Updating large recordsets takes long time in ms access database advance dating site for
MSSQLSERVER\MSSQL\DATA\SUCCESS Offset: 6,225,805,312, Length: 16,384, I/O Flags: Non-cached, Write Through, Priority: Normal .0884897 1760 Write File C:\Program Files\Microsoft SQL Server\MSSQL10_50. LDF SUCCESS Offset: 4,589,289,472, Length: 8,388,608, I/O Flags: Non-cached, Write Through, Priority: Normal From using DBCC PAGE it seems to be reading from and writing to fields that look like table A's (or one of its indexes), but for different B_ID that 13. Edited 2: execution plan So I cancelled the query (actually deleted the DB and its files then restored it), and checked the execution plan for: The (estimated) execution plan is the same than for any B. The WHERE clause uses an index seek on a non-clustered index of B, the JOIN uses a clustered index seek on both PKs of the tables.The clustered index seek on A uses parallelism (x7) and represents 90% of the CPU time. X field), each one with its own clustered PK, and an other index which also includes the A. X means writing the 7 views and the 7 indexes they have that include the field.The rest looks the same: same UPDATE line waiting in sp_who2, same PAGEIOLATCH_EX wait type and same heavy HD usage from Next step is to delete all indexes and views and recreate them I think.B has 40k records, A has 4M records and they are related 1-to-n via A. So basically I am pre-calculating a field for data mining purposes. ID = @Id FETCH NEXT FROM Cursor B INTO @Id END Now I can see it running with a message with the id descending.Although I changed the name of the tables for this question, I didn't change the statement, it's really that simple. What happens is it takes around 5min to go from id=40k to id = 13 And then at id 13, for some reason, it seems to hang.Edited 4: deleting then rebuilding indexes So, I deleted all the indexed views I had on the table (7 of them, 2 indexes per view including the clustered one).I ran the initial script (without cursor), and it actually ran in 5 minutes.

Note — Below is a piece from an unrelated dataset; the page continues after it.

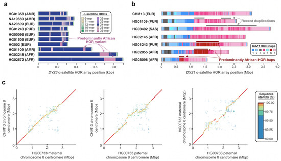 Sequence and structural variation within centromeric α-satellite HOR arrays. (a) Plots showing the structure of the chromosome Y DYZ3 α-satellite HOR array in ten diverse human genomes, highlighting the presence of a 36-mer α-satellite HOR variant in four haplotypes (HG002, HG01109, HG03248, and HG02572) [76]. (b) Plots showing the α-satellite HOR haplotypes (HOR-haps) present in the chromosome X DXZ2 α-satellite HOR array in seven diverse human genomes. Two genomes (HG01109 and HG03492) harbor a haplotype with a recent duplication, while three others (HG01243, HG02055, and HG03098) harbor a haplotype that is especially prevalent among those with African ancestry. Adapted from [44]. (c) Plots showing the pairwise sequence identity between chromosome 8 centromeric regions from three human haplotypes (CHM13 and two haplotypes from HG00733). The D8Z2 α-satellite HOR array shows variation in sequence and structure, while the flanking sequences do not. Adapted from [42].

Since disconnected recordsets use batch updates, this bug caused my client application to crash whenever it tried to update a record. The access times are significantly reduced, and I suspect the decrease will be even larger when the recordset contains more fields.The update scenario is always faster than using a procedure.Since you are updating column X of all rows in table A, make sure you drop the index on that one first.More importantly, actually executing the query with ID 13 is immediate. X field The views are filtered (with fields that are not in this equation), so I doubt there is any way the UPDATE A would the views themselves. Although the UPDATE is expected to be slower for this, there is no reason why a specific ID would be so much longer than the others.Edited 3: index fragmentation The structure of indexes is as follows: B has one clustered PK (not the ID field), and one non-clustered unique index, which first field is B. I checked the fragmentation for all the indexes, all were at loop.
In situations like this SQL likes to hold onto the memory and not let it go...after said insert command may or may not have completed.